Today was a holiday in the capital – Whit Monday – and there were large crowds strolling in the streets. They bought up the extras like hot cakes. The announcement by the German High Command on the fourth day of the big drive that the citadel of Liège had been captured, and that German – well, the Germans call them ‘speed troops’ – had broken through the whole southern part of Holland and made contact with the air-force troops who’ve been fighting since the first day in and around Rotterdam on the west coast, caught almost everyone by surprise. Even German military circles seemed a bit surprised. They admitted that the breakthrough to Rotterdam, as one put it, came somewhat sooner than expected …

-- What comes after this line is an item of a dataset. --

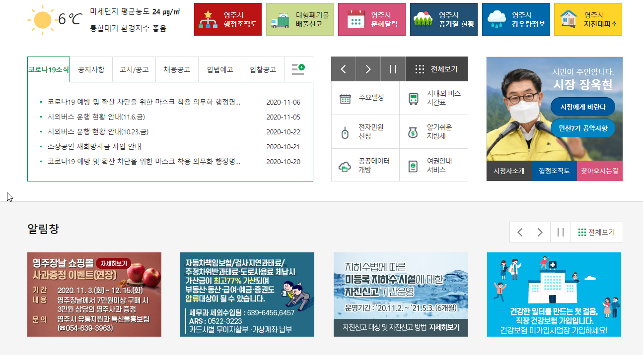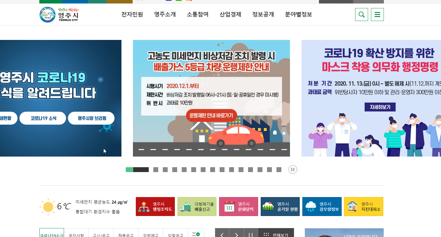 영주시청 홈페이지에서 코로나19 소식 확인해보시고요. 고농도 미세먼지 비상저김 조치 발령 시 배출가스 5등급 차량 운행 제한 안내, 코로나19 확산 방지를 위한 마스크 착용 의무화 행정명령도 확인해보시는 것이 좋을 것 같습니다. 그 외에 영주시 행정조직도, 대형폐기물 배출신고, 영주시 문화달력, 공기질 현황, 영주시 강우량 정보, 지진대피소도 확인할 수 있어요.

Colville was standing aghast on the other side of the desk. None of this had been mentioned in the night’s situation briefing. To be sure, the Dutch had been talking of ‘modifications’ and ‘confusion’ in the military position, but this …

‘Get the Chiefs of Staff back here. Every man jack of ’em. And find out whether m’Lord Halifax is in the land of the living. If he’s not, drag him out of bed. Tell him there’s a war on!’